Write the data out in full and word for word. Do not include images.

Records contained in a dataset
--- START ---
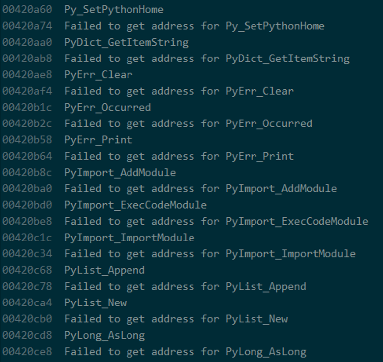 The payload extracted from the image is a Windows executable file. Checking for strings within the binary, we can see that this is a compiled Python executable.
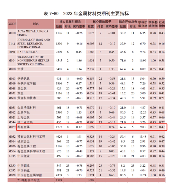 9月20日,由中国科学技术信息研究所主办的“2024年中国科技论文统计结果发布会暨中国一流科技论文世界影响力评价论坛”在北京召开。根据会议发布的《中国科技期刊引证报告》,《稀有金属》2023年度核心影响因子(CJCR)为1.897,较2022年度(1.751)提升8%,位列金属材料学科第二(2/23)。
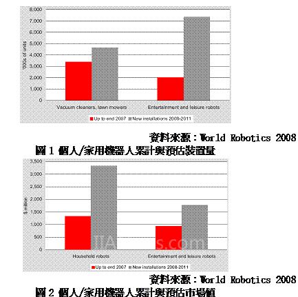 至2007年底为止全球家务用机器人计有340万台,娱乐休閒用机器人200万台;2008~2011年全球预估将有家务用机器人460万台,娱乐休閒用735万台,合计约1仟2佰多万台安装量,未来四年市场总值合计约57亿美元。(参见图1、图2)
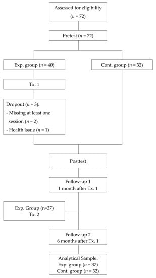 The sample size required for this study was calculated using G*power 3.1 (Heinrich Heine University, Düsseldorf, Germany), in which the values of significance level, effect size, and power were 0.05, 0.30, and 0.80, respectively, for repeated-measures analysis of variance (repeated ANOVA). The result showed that this study would require at least 58 subjects; thus, a total of 72 individuals were recruited to account for potential dropout. In fact, three people in the experimental group were excluded: two for missing one of the four training sessions, and one due to a health issue. Thus, the final analytical sample comprised 69 subjects, 37 in the experimental group and 32 in the control group (Figure 1).
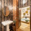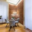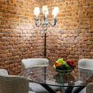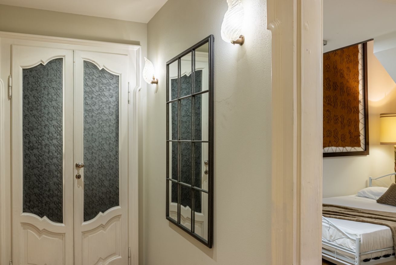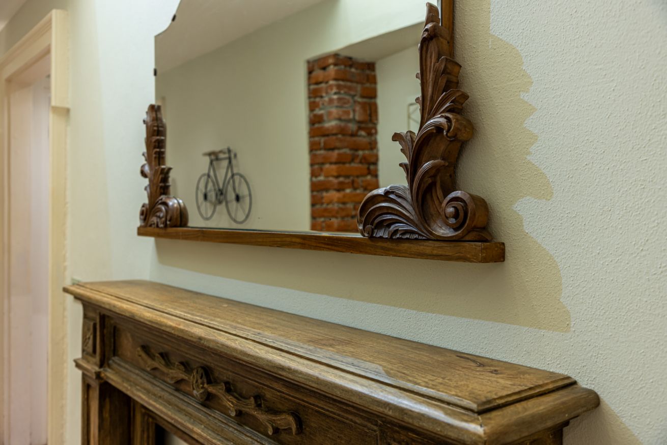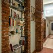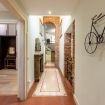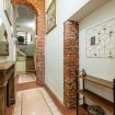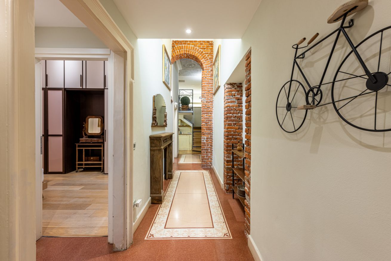 Appena entri vieni accolto da un lungo corridoio elegante, ricco di quadri e decorazioni artistiche, con dettagli vintage e splendidi mattoni rossi a vista che creano subito un’atmosfera calda e sofisticata.
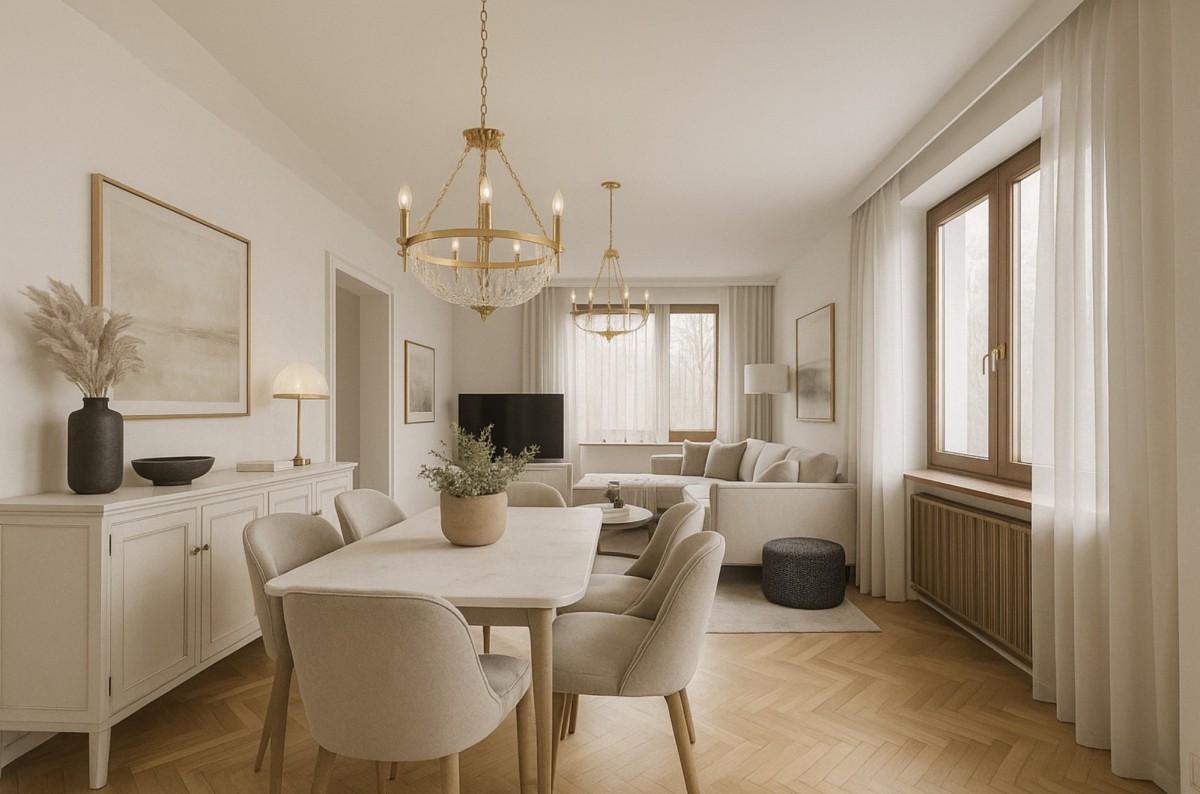 Przestronne wnętrza o przemyślanym układzie ; idealne zarówno dla rodziny, jak i jako reprezentacyjna przestrzeń do spotkań.
--- END ---
• [Exercise answer]
 The payload extracted from the image is a Windows executable file. Checking for strings within the binary, we can see that this is a compiled Python executable.
 9月20日,由中国科学技术信息研究所主办的“2024年中国科技论文统计结果发布会暨中国一流科技论文世界影响力评价论坛”在北京召开。根据会议发布的《中国科技期刊引证报告》,《稀有金属》2023年度核心影响因子(CJCR)为1.897,较2022年度(1.751)提升8%,位列金属材料学科第二(2/23)。
 至2007年底为止全球家务用机器人计有340万台,娱乐休閒用机器人200万台;2008~2011年全球预估将有家务用机器人460万台,娱乐休閒用735万台,合计约1仟2佰多万台安装量,未来四年市场总值合计约57亿美元。(参见图1、图2)
 The sample size required for this study was calculated using G*power 3.1 (Heinrich Heine University, Düsseldorf, Germany), in which the values of significance level, effect size, and power were 0.05, 0.30, and 0.80, respectively, for repeated-measures analysis of variance (repeated ANOVA). The result showed that this study would require at least 58 subjects; thus, a total of 72 individuals were recruited to account for potential dropout. In fact, three people in the experimental group were excluded: two for missing one of the four training sessions, and one due to a health issue. Thus, the final analytical sample comprised 69 subjects, 37 in the experimental group and 32 in the control group (Figure 1).
 Appena entri vieni accolto da un lungo corridoio elegante, ricco di quadri e decorazioni artistiche, con dettagli vintage e splendidi mattoni rossi a vista che creano subito un’atmosfera calda e sofisticata.
 Przestronne wnętrza o przemyślanym układzie ; idealne zarówno dla rodziny, jak i jako reprezentacyjna przestrzeń do spotkań.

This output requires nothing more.